The pearl gourami raised at the laboratory have survived for over two months. Yuneidi and his team are attempting to breed them. 'When they reach maturity, we're going to stimulate their spawning.'

He hopes that the sepat mutiara collected from Riau can be used to boost the local fisheries business. Further, export demand for sepat mutiara as ornamental fish has remained high.

Fish hunt: It took three years of hard searching in Sumatra, Java and Kalimantan before Yunedi could find someone who could sell him a population of peral gourami, locally known as sepat mutiara, for his laboratory.
Yuneidi's laboratory has focused on rare fish, especially local freshwater fish, since it was established in 2010. Researchers at the university have also studied bilih, an endemic fish of Lake Singkarak, West Sumatra. The lab currently has populations of 12 local fish, three of them are considered rare.

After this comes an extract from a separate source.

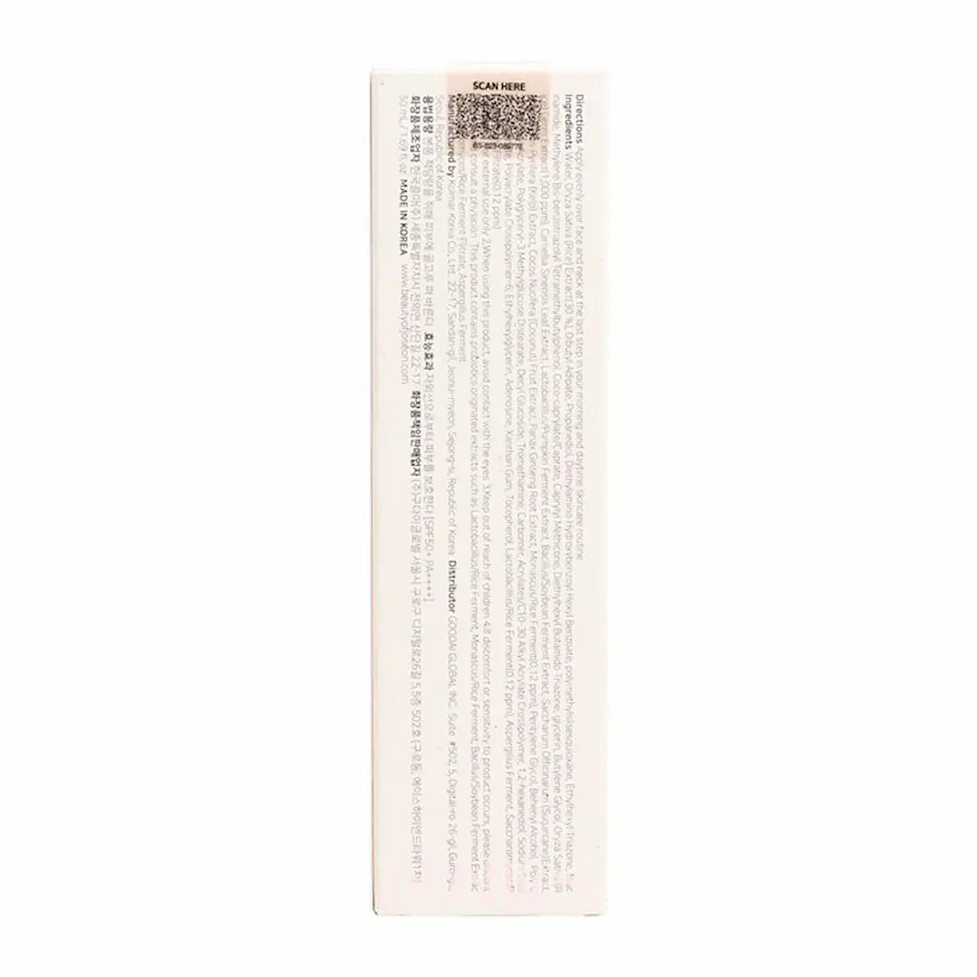 Water, Oryza Sativa (Rice) Extract (30%), Dibutyl Adipate, Propanediol, Diethylamino Hydroxybenzoyl Hexyl Benzoate, Polymethylsilsesquioxane, Ethylhexyl Triazone, Niacinamide, Methylene Bis-Benzotriazolyl Tetramethylbutylphenol, Coco-Caprylate/Caprate, Caprylyl Methicone, Diethylhexyl Butamido Triazone, Glycerin, Butylene Glycol, Oryza Sativa (Rice) Germ Extract, Camellia Sinensis (Green Tea) Leaf Extract, Lactobacillus/Pumpkin Ferment Extract, Bacillus/Soybean Ferment Extract, Saccharum Officinarum (Sugarcane) Extract, Macrocystis Pyrifera (Kelp) Extract, Cocos Nucifera (Coconut) Fruit Extract, Panax Ginseng Root Extract, Monascus/Rice Ferment, Pentylene Glycol, Behenyl Alcohol, Poly C10-30 Alkyl Acrylate, Polyglyceryl-3 Methylglucose Distearate, Decyl Glucoside, Tromethamine, Carbomer, Acrylates/C10-30 Alkyl Acrylate Crosspolymer, 1,2-Hexanediol, Sodium Stearoyl Glutamate, Polyacrylate Crosspolymer-6, Ethylhexylglycerin, Adenosine, Xanthan Gum, Tocopherol, Aspergillus Ferment, Saccharomyces/Rice Ferment Filtrate.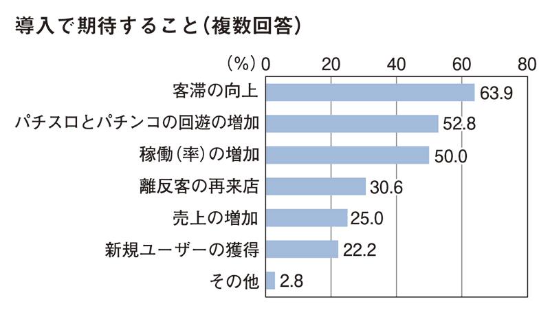 この新解釈基準機をホールはどのように評価しているのか。アミューズメントジャパンがアンケート調査を行ったところ、期待を寄せるとの回答(とても期待している+やや期待している)が77.1%に上った。具体的に期待すること(複数回答)について最も多かったのは「客滞の向上」(63.9%)だった。

The bilih has been overexploited by the local community, as has the rinuak, a typical small fish found in Lake Maninjau. Large-scale consumption of larger commercial fish introduced to Lake Maninjau, such as nila (parrot fish) and goldfish is also disrupting the food chain of local fish.

This lab also collects a small fish specie called selimang (Epalzeohynchos kalopterus) in Jambi. It is now rare, even in its Lake Maninjau. The samples at the lab were discovered in a reservoir in Limapuluh Kota, West Sumatra. There is also tatari at the lab, and mujuk, which in Malaysia and Singapore can be sold for upwards of Rp 100,000 per kilogram.

West Sumatra, according to Yuneidi possesses several distinctive fish species with high economic value for collectors as well as consumption that remain under appreciated.

'That's why we're set to conduct research and to create awareness about them. We can only do this fairly slowly, studying them one by one, because we're working on a self-supporting basis, which also takes time,' Yuneidi added.